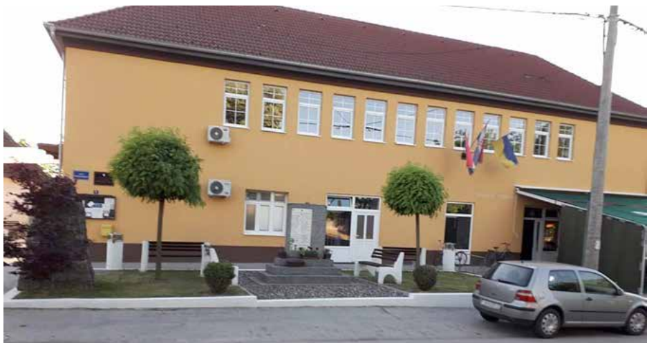
Чоло будинку Месного одбору
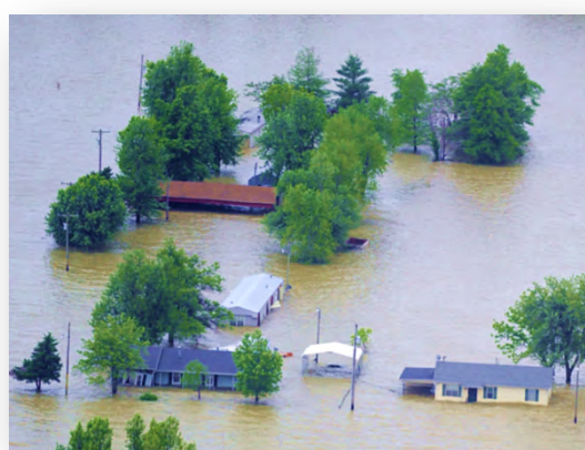
Panoramski posnetki, promocijski video, aktualni posegi v prostor, posledice naravnih nesreč, ...
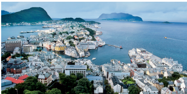
Blick vom Sukkertoppen auf Ålesund
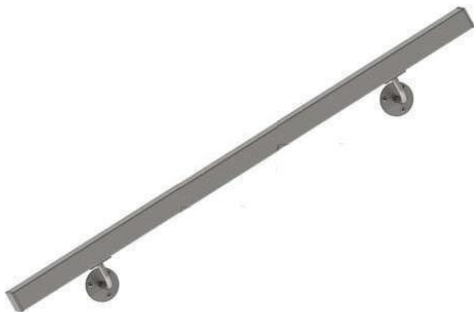
Конструкция №9: Квадратный поручень от 2300 руб. м/п Заглушки и пристенные крепления входят в стоимость
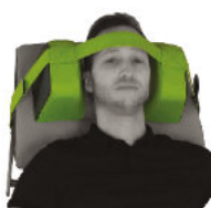
6040106 Kopfstütze fixierend
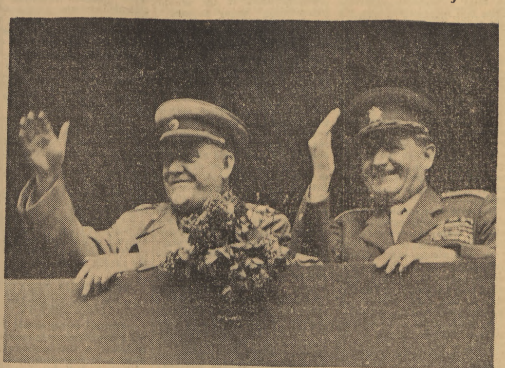
Prezydent Republiki Czechosłowackiej tow. Klement Gottwald i wicepremier Rządu ZSRR, Marszałek Związku Radzieckiego, tow. Bulganin na trybunie honorowej podczas defilady w Pradze
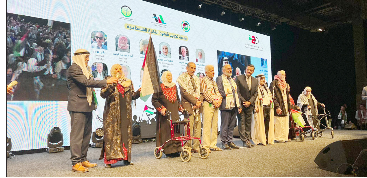
جانب من المؤتمر

يذكر أن أول مؤتمر فلسطيني أوروباً عقد عام 2003، وهو مناسبة سنوية دائمة، يعقد بالتعاون مع الجمعيات الفلسطينية الموجودة في الدول الأوروبية، لتأكيد حق الفلسطينيين في العودة إلى ديارهم وأراضيهم، وأن الفلسطينيين في أوروبا جزء أصيل من الشعب الفلسطيني الواحد.
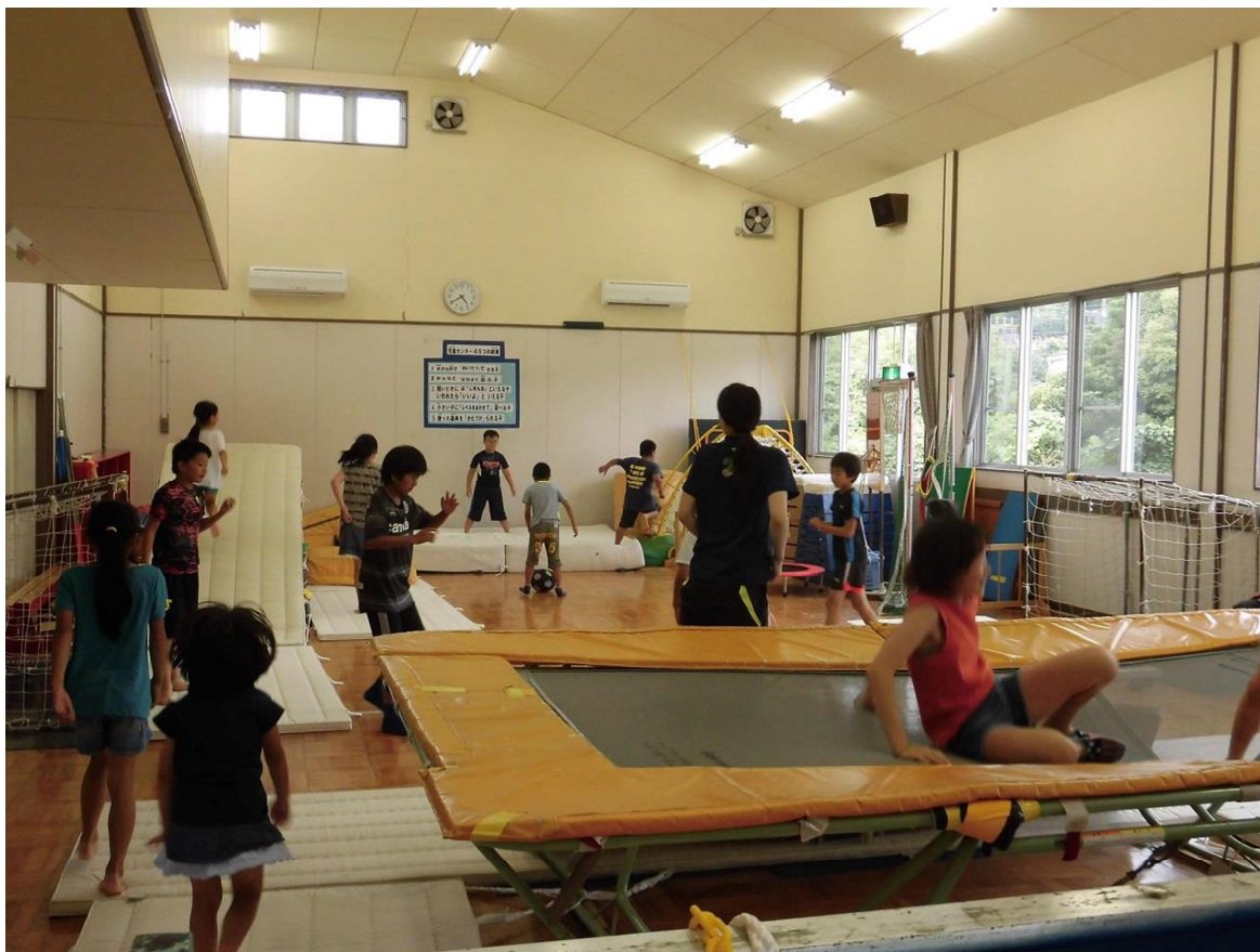
図3：大型遊具撤去前の館の様子

_Assigned task:_
With the pictures removed, return each record above exactly as given.

_Result below:_
Чоло будинку Месного одбору
Panoramski posnetki, promocijski video, aktualni posegi v prostor, posledice naravnih nesreč, ...
Blick vom Sukkertoppen auf Ålesund
Конструкция №9: Квадратный поручень от 2300 руб. м/п Заглушки и пристенные крепления входят в стоимость
6040106 Kopfstütze fixierend
Prezydent Republiki Czechosłowackiej tow. Klement Gottwald i wicepremier Rządu ZSRR, Marszałek Związku Radzieckiego, tow. Bulganin na trybunie honorowej podczas defilady w Pradze
جانب من المؤتمر

يذكر أن أول مؤتمر فلسطيني أوروباً عقد عام 2003، وهو مناسبة سنوية دائمة، يعقد بالتعاون مع الجمعيات الفلسطينية الموجودة في الدول الأوروبية، لتأكيد حق الفلسطينيين في العودة إلى ديارهم وأراضيهم، وأن الفلسطينيين في أوروبا جزء أصيل من الشعب الفلسطيني الواحد.
図3：大型遊具撤去前の館の様子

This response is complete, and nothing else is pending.